Para ilmuwan meyakini, infeksi MERS-CoV tidak selalu mematikan. Seseorang bisa saja terinfeksi MERS-CoV tanpa mengalami gejala penyakit pernapasan parah. Namun belum bisa dipastikan apakah pada kondisi tersebut virus bisa menular ke orang lain.
"Anda tidak harus masuk ICU (Intensive Care Unit) dengan pneumonia untuk punya MERS. Kami asumsikan mereka lebih tidak menular, tapi kami tidak tahu pasti," kata Dr David Swedlow dari US Center for Disease Control and Prevention (CDC), seperti dikutip dari Reuters, Senin (19/5/2014).
CDC memiliki tim di Arab Saudi untuk meneliti MERS-CoV, khususnya pada bentuk infeksi ringan.
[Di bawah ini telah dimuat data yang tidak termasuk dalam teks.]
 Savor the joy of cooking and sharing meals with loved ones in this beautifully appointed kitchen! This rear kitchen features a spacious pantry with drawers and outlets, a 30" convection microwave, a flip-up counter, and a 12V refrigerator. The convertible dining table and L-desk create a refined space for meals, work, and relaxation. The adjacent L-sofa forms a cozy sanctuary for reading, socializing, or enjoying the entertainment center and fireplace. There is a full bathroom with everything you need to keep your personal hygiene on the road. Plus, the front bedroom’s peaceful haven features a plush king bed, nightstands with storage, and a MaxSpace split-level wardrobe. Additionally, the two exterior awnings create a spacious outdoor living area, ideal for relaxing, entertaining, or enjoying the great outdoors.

Salah satu misinya adalah menjawab pertanyaan apakah pada kasus infeksi ringan seseorang bisa menyebarkan virus ke lingkungannya.
Dr Swerdlow berencana melakukan uji pada keluarga pasien dengan infeksi ringan MERS-CoV. Meski tidak menunjukkan gejala apapun termasuk gangguan pernapasan, mereka akan diperiksa untuk memastikan ada tidaknya penularan virus di lingkungan keluarga.
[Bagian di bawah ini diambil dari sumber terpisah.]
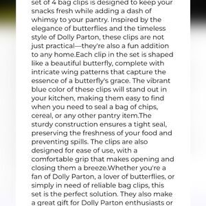 Dolly Parton Set Of 4 Butterfly Bag Clips- Blue

Sementara itu, Belanda menjadi negara ke-16 yang mengkonfirmasi adanya kasus MERS-CoV di wilayahnya. Dalam selang waktu 1 hari saja, 2 orang di negara tersebut terinfeksi penyakit yang juga disebut flu unta tersebut. Keduanya punya riwayat baru pulang dari Arab Saudi, 1 di antaranya mengunjungi peternakan unta.
"Kalau bepergiaan ke Jazirah Arab maka sekarang jangan dulu berkunjung ke peternakan ‎unta," pesan Prof Dr Tjandra Yoga Aditama, Kepala Badan Penelitian dan Pengembangan Kementerian Kesehatan yang juga anggota MERS Emergency Committe WHO.